4. Intervention Procedures
4.1 Immediate Intervention (Mandatory Triggers)
Steps:
- Pause AI (if synchronous, say: "I'm going to pause here for a moment to check in.")
- Address immediate concern (stakeholder distress → private check-in; bias → reframe; malfunction → explain technical issue)
- Take over facilitation (human leads for remainder of that discussion segment)
- Log intervention in DeliberationSession.recordHumanIntervention():
{ intervener: "Observer Name", trigger: "stakeholder_distress", // or other trigger type round_number: X, description: "Participant expressed distress at AI framing of...", ai_action_overridden: "AI prompt: '...'", corrective_action: "Paused, checked in privately, reframed as...", stakeholder_informed: true, resolution: "Stakeholder confirmed comfort resuming; human facilitating this segment" } - Decide resumption (see Section 4.3)
4.2 Discretionary Intervention (Assessment Process)
Assessment Questions:
-
Severity: How harmful is this if left unaddressed?

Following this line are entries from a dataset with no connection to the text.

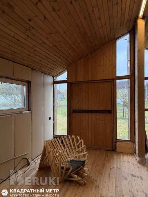 Общая площадь 44 м2, внутри отдельное помещение под сан.узел 4.0 м2. Установлен печь-камин, бойлер ElectroLux, насос для воды. Разведены коммуникации по дому, необходимо завершить и сделать внутреннюю отделку.2-ой дом -студия, деревянный 2016 года постройки, общая площадь 35 М2, фундамент бетон, крыша еврошифер, полы - ДВП, окна-деревянные. Можно использовать для проживания, либо хранения хоз.инвентаря.
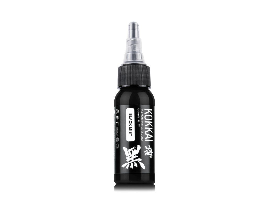 Black Mist Tattoo inkt van Kokkai Sumi Inks combineert eeuwenoude Japanse sumi-inktproductietechnieken met moderne tatoeage-inktproductie, wat resulteert in een veelzijdige, medium-body zwarte kleur, ideaal voor zowel lijnen als schaduwen met subtiele tot gedurfde effecten.
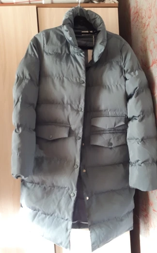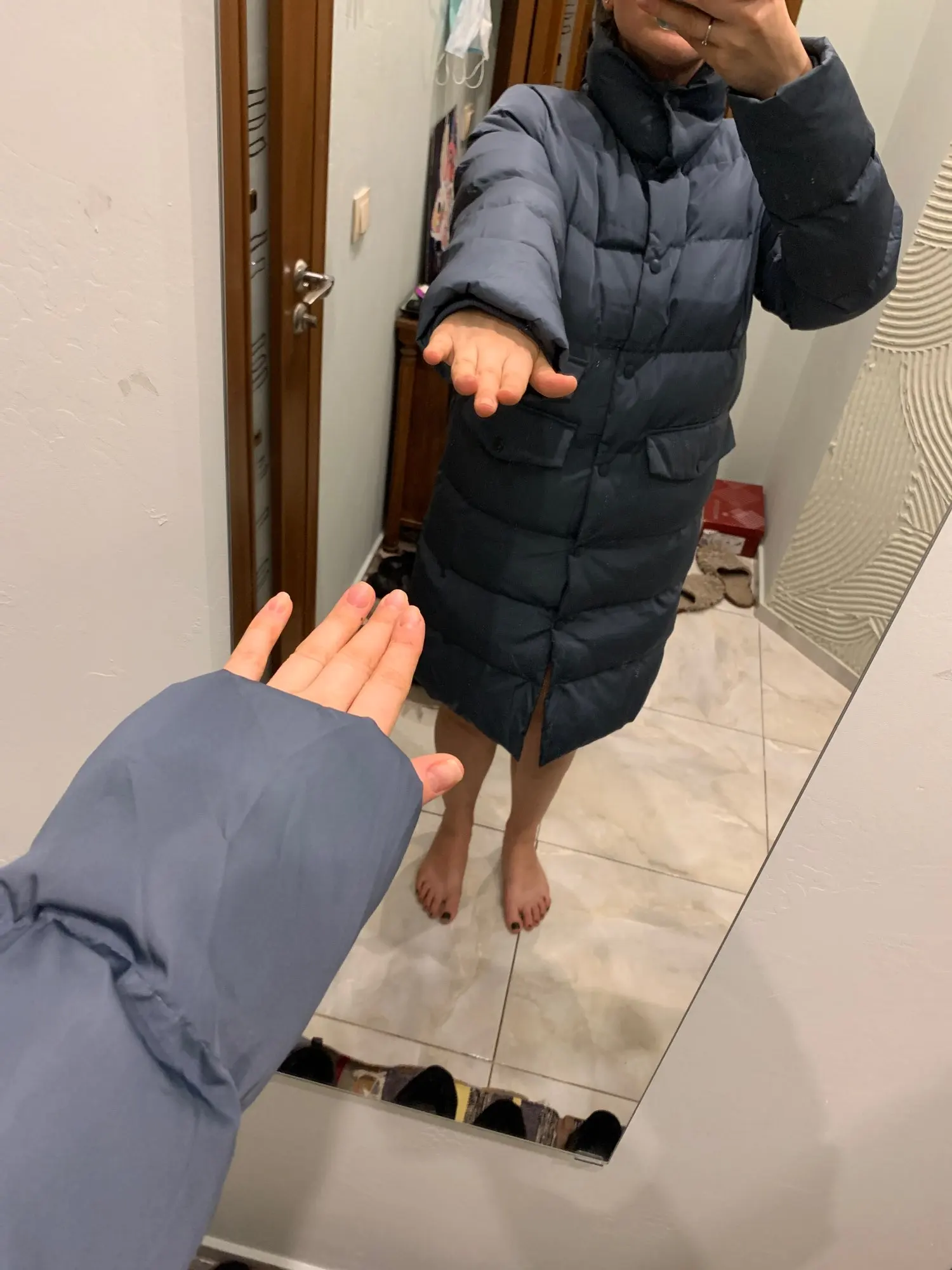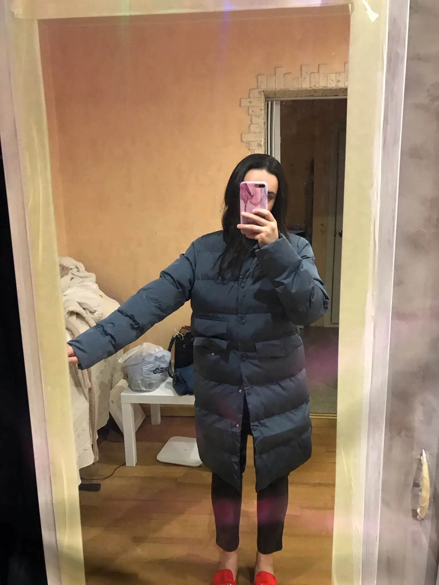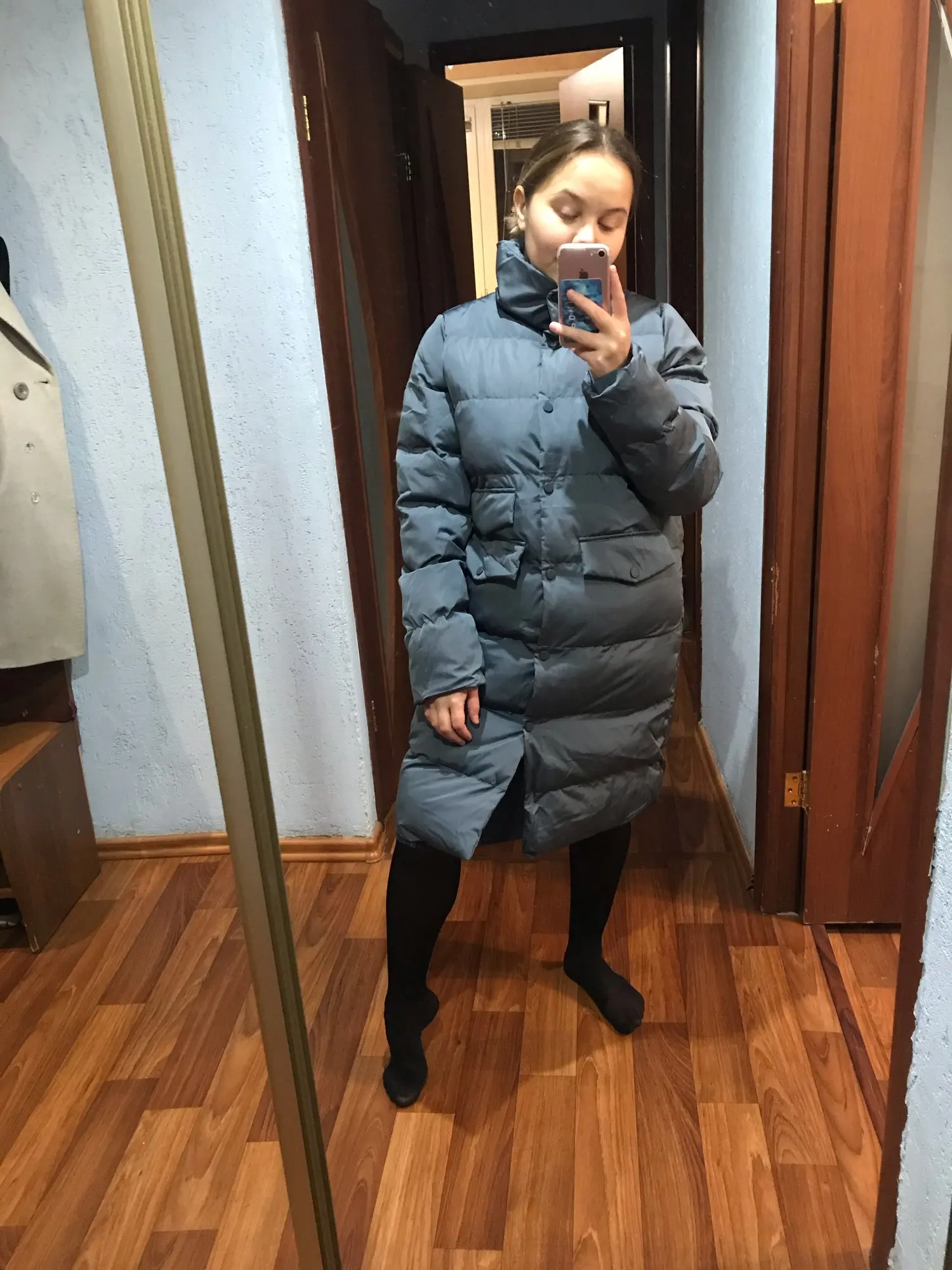 Это мой первый пуховик с Али, дошел за 10 дней до пункта выдачи в 5-ке. Цвет очень красивый, такой серо-синий что ли) Кнопки отлично работают, на свой размер 44 (95-72-96) заказала L, отлично сел, в меру свободно, плечи на месте, длина до колена при росте 170 см. Но по ощущениям на зиму тонковат, наверное до -15, проверим на практике, позже дополню фотками.

- CRITICAL: Could cause trauma, withdrawal, or deliberation failure → Intervene NOW
- HIGH: Significant fairness issue or stakeholder discomfort → Intervene if not self-correcting within 1 exchange
- MODERATE: Noticeable but not urgent → Give AI feedback, intervene if persists
- LOW: Minor quality issue → Log for post-deliberation AI improvement
-
Stakeholder Impact: Are stakeholders affected visibly?

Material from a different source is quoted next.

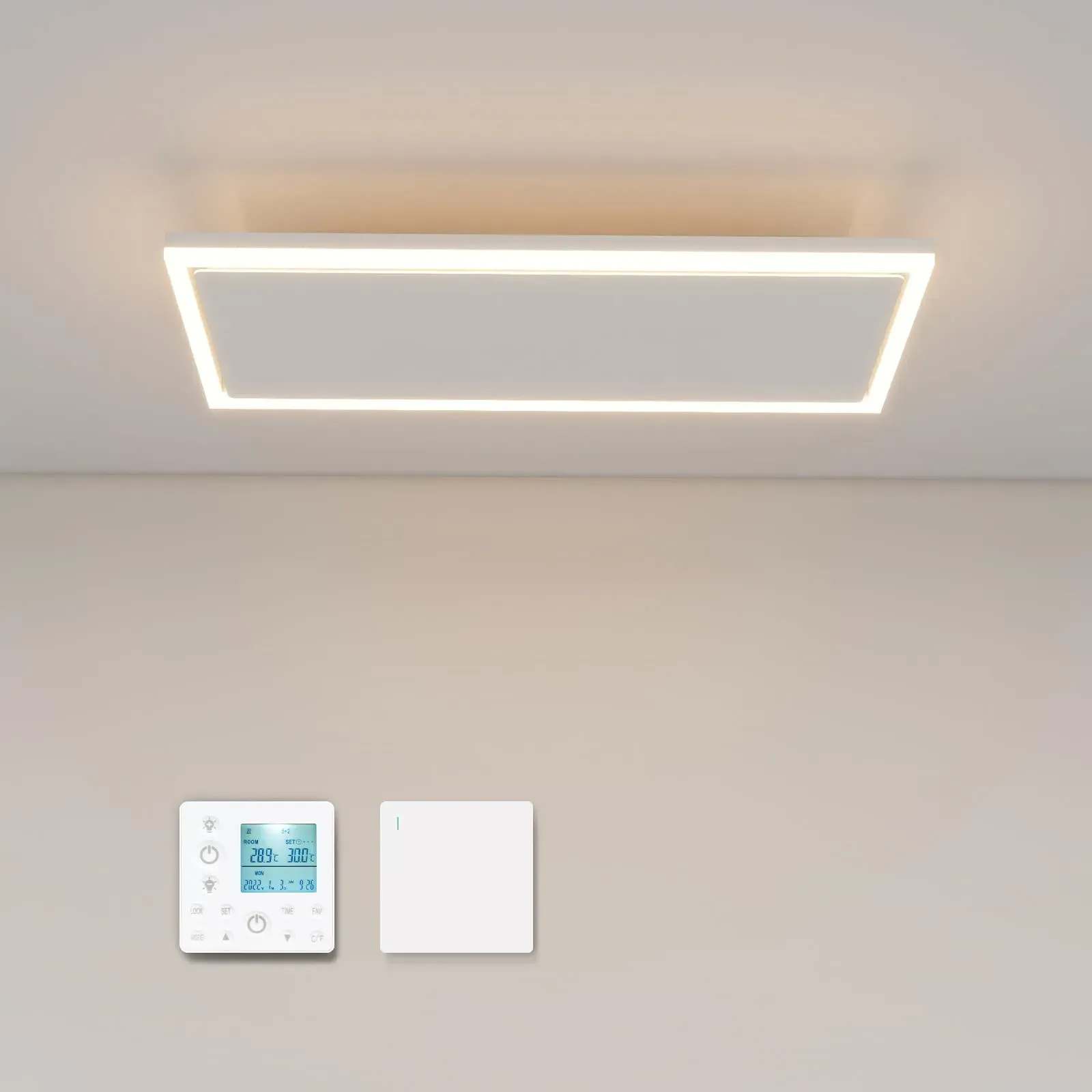 Sofort lieferbar, 3-6 Werktage in_stockBYECOLD Infrarotheizung Deckenmontage 700 Watt, Deckenheizung Infrarot mit led Beleuchtung, Infrarotheizung Decke mit Thermostat, App Fernbedienung

- If YES and negative → Intervene
- If NO or positive → Monitor
-
AI Self-Correction: Is AI adapting?
- If YES (AI adjusts after stakeholder feedback) → Monitor
- If NO (AI persists in problematic pattern) → Intervene
Decision Matrix:
| Severity | Stakeholder Impact | AI Self-Correcting? | Action |
|---|---|---|---|
| CRITICAL | High | N/A | Intervene immediately |
| HIGH | High | No | Intervene now |
| HIGH | High | Yes | Monitor closely, ready to intervene |
| HIGH | Low | No | Intervene after 1 more exchange |
| MODERATE | High | No | Intervene |
| MODERATE | Low | No | Give AI feedback, intervene if continues |
| MODERATE | Low | Yes | Monitor, log |
| LOW | Any | Any | Monitor, log for improvement |
4.3 Resumption Protocol (Handing Back to AI)

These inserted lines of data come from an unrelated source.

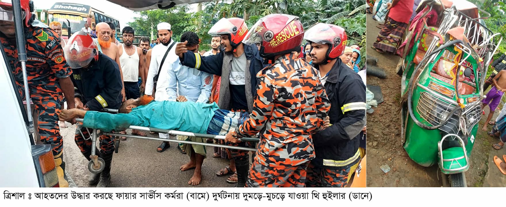 ত্রিশাল ফায়ার সার্ভিসের স্টেশন অফিসার সাদিকুর জনান, খবর পেয়ে ফায়ার সার্ভিসের দু’টি ইউনিট ঘটনাস্থল থেকে হতাহতোদের উদ্ধার করা হয়। আশংকাজনক অবস্থায় একজনকে ময়মনসিংহ মেডিকেল কলেজ হাসপাতালে প্রেরণ করা হয়। আহত ব্যাক্তির কাছ থেকে কিছু টাকা উদ্ধার করা হয়। যা তাঁর পরিবারের কাছে হস্তান্তর করা হয়েছে। ত্রিশাল থানার অফিসার ইনচার্জ মনসুর আহমেদ জানান, মরদেহ উদ্ধার করা হয়েছে। পরিবারের কোন আপত্তি না থাকায় তাদের কাছে মরদেহ হস্তান্তর করা হয়েছে।
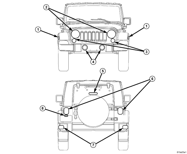 Center High Mounted Stop Lamp (5) - A standard equipment Center High Mounted Stop Lamp (CHMSL) is mounted to a stanchion that is integral to the spare tire carrier centered on the
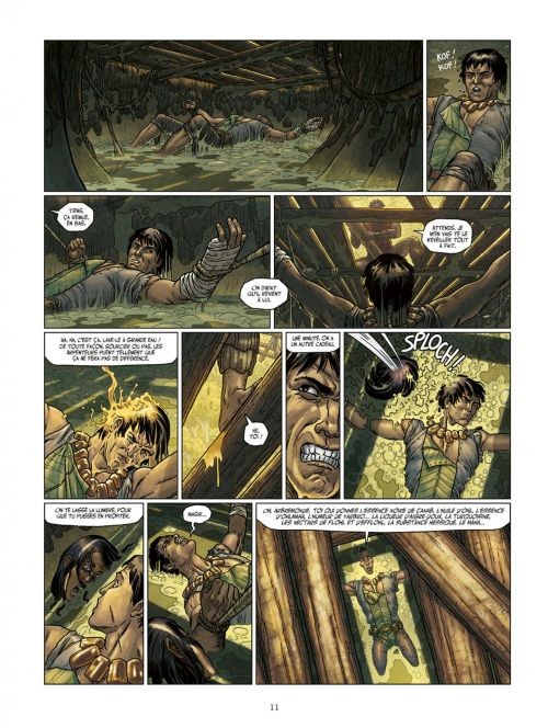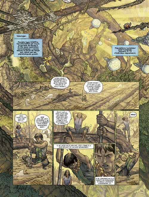 Avec chasseurs de sève, Alexandre Ristorcelli parvient à pleinement s'approprier l'univers inspiré par Laurent Genefort. Il retranscrit parfaitement cet univers singulier, ce planète-opéra immersif, à la fois fascinant et terrifiant. Une quête qui nous mène au cœur d'un péril écologique qui n'est pas sans rappeler les inquiétudes actuelles de notre propre monde. Dans ce monde végétal, les humains vivent de façon archaïque, regroupés en clans, ayant chacun leur propre rite, religion, et interprétation sur l'origine de leur monde et vivant chacun à des niveaux différents de l'arbre. C'est très bien écrit, le rythme est bon, les pages se succèdent enchaînant actions, humour et révélations. Avec cet album, l'auteur réalise une performance de haut vol tant du point de vue scénaristique que du point de vue graphique. Il parvient à nous embarquer dans un univers singulier, avec des personnages riches et attachants et un bestiaire foisonnant de créatures plus impressionnantes les unes que les autres. La mise en page est dynamique assurant une lecture des plus fluide. Le dessin est précis, fourmillant d'informations. Le trait fin et réaliste, agrémente un décor fait d'arrière-plan somptueux venant accentuer le côté immersif du récit. On en prend plein les yeux, captivé, au cœur de cet océan de verdure, on a qu'une envie, être à leurs côtés et entamer cette quête désespérée afin de sauver ce monde en perdition. Un One shot savoureux, rythmé, rempli d'action et d'humour.
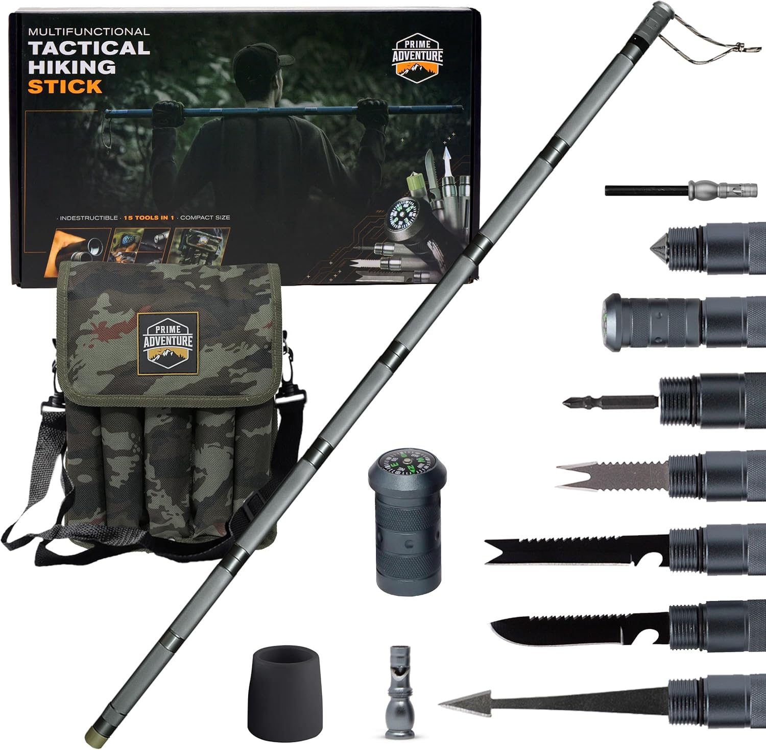 Take your outdoor adventures to the next level with the Prime Adventure 15-in-1 Tactical Survival Walking Stick, a rugged and versatile hiking staff built for explorers who demand reliability. Designed with a heavy-duty collapsible system featuring 8 durable tubes, this multifunctional walking stick combines strength, portability, and smart survival features in one compact tool.
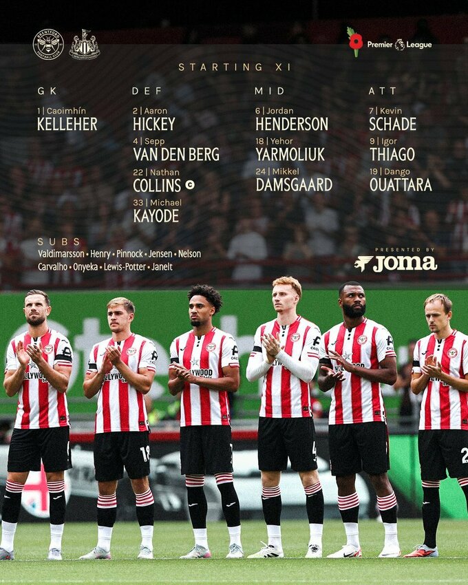 Стартовые составы на матч Брентфорда и Ньюкасла
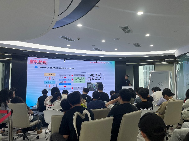 参观结束后,拱鼎科技四位行业专家为师生带来专题技术讲座:软件研发总监王玉以“虚拟仿真技术驱动汽车研发变革”为题,结合20余款车型的联合仿真案例,解析场景建模的核心算法与行业趋势;高级汽车工程师黎德祥通过车辆动力学实验数据与智能辅助驾驶系统开发实例,阐释“仿真-测试-优化”的闭环逻辑;高级三维美术设计师汤伟系统讲解虚拟场景建模的全流程技术,涵盖3D建模、材质渲染、UE引擎部署等关键环节;产品经理万波展示了国产工业软件在车辆结构强度与NVH性能仿真中的创新应用,强调“技术自主化”对产业升级的意义。

When to Resume AI Facilitation:
- After mandatory intervention: Only when immediate concern is fully resolved AND stakeholders confirm comfort
- After discretionary intervention: When the segment requiring human facilitation is complete
Steps:
- Check with stakeholders: "Are you comfortable continuing with AI facilitation, or would you prefer I continue leading?"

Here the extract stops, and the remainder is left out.